Instinctively knew her.

She had even hovered around the university buildings on her lunch breaks, hoping.

And been disappointed.

Wondering if the University office might give her an address, or at least a current workplace, but she was never brave enough to ask.

And all this time she had been in another State.

Working in an amazing job.

Helping others.

Loved by others.

She couldn't help but see this as a sign.

A reminder that not all was lost.

Her daughter was alive, when by all accounts she shouldn't be.

Her daughter helped people for a living, that beautiful soul, that caring light within her hadn't died that night as she had always feared.
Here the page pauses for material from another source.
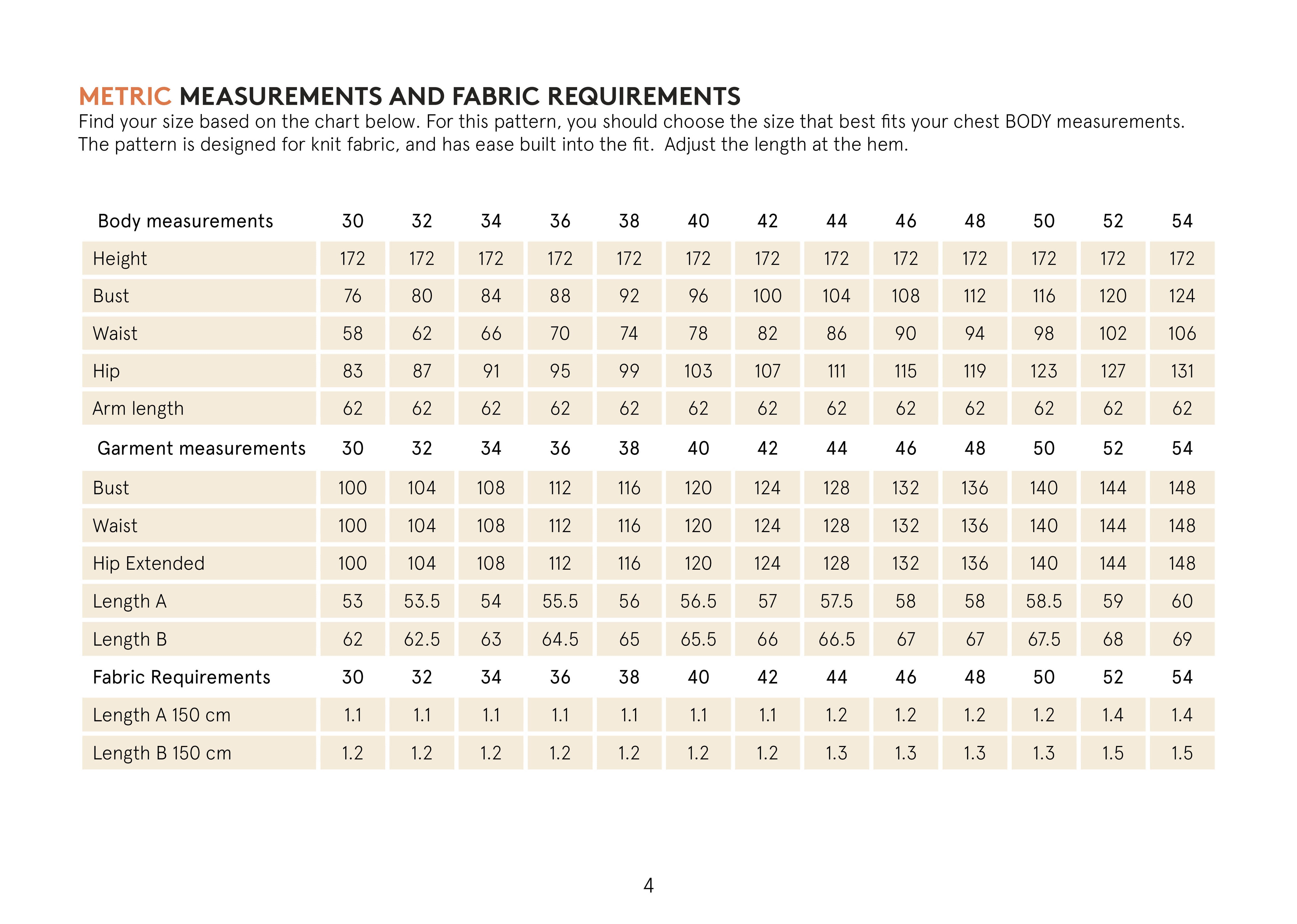 Flip through the images to find fabric requirements and measurements for the sweater pattern.
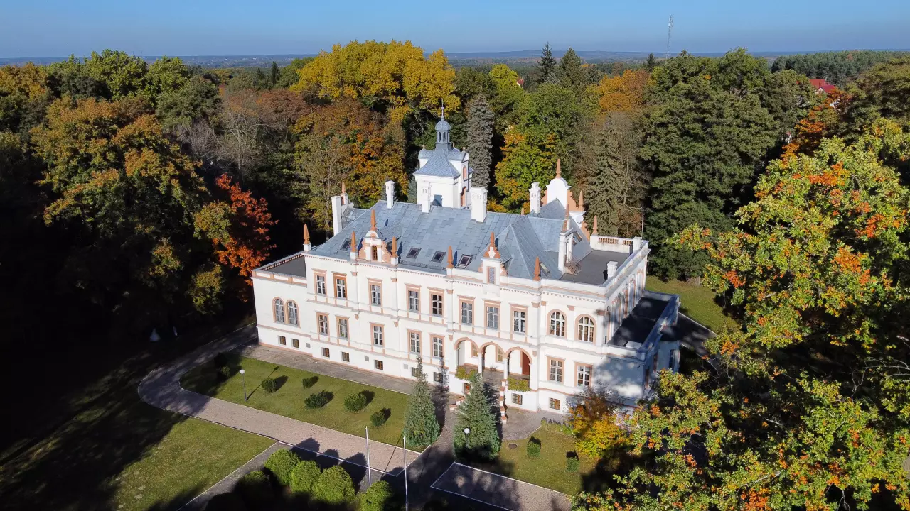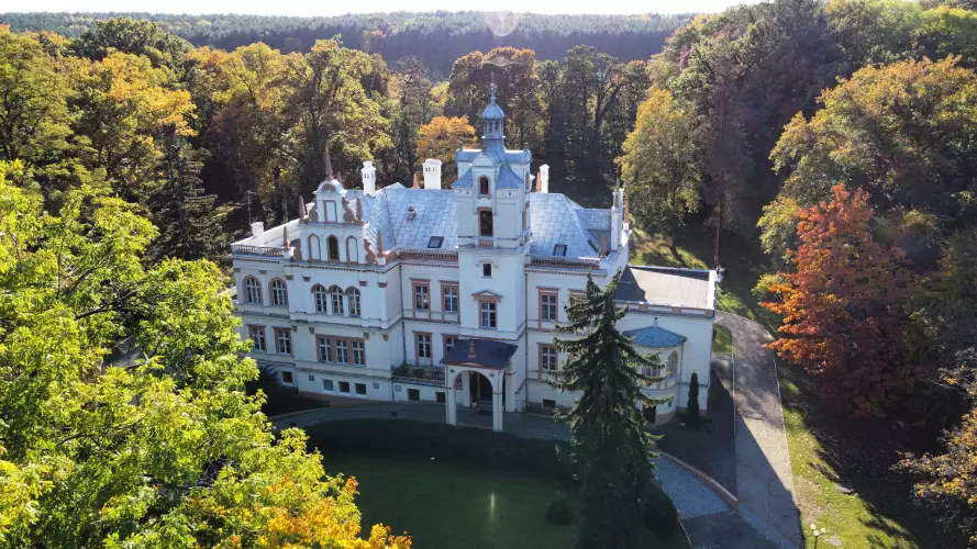 Pałac neorenesansowy wybudowany w latach 1864-1867 na planie wydłużonego prostokąta (w miejscu starej budowli gotyckiej). W okolicach znajduje się park krajobrazowy z 1792r. W 1986 roku po remoncie założono tu Ośrodek Szkolno-Wychowawczy.

What harm could contacting her do?

She did not have to reply if she did not wish too.

She could contact her to wish her well in her recovery.

The notion was in her heart now.

After all that had happened.

This was a chance to begin to set things right.

To rid them both of old ghosts.

She had so much to tell her, so much she wanted to show her.

About how far she had come, how different her life was now.

And she had so many questions.

At the edge of the parking lot a lone telephone box stood, and the gear well was full of parking meter change.

She wouldn't be able to hear the voice she longed too.

But she could do this, reach out, change everything, and give her daughter the choice.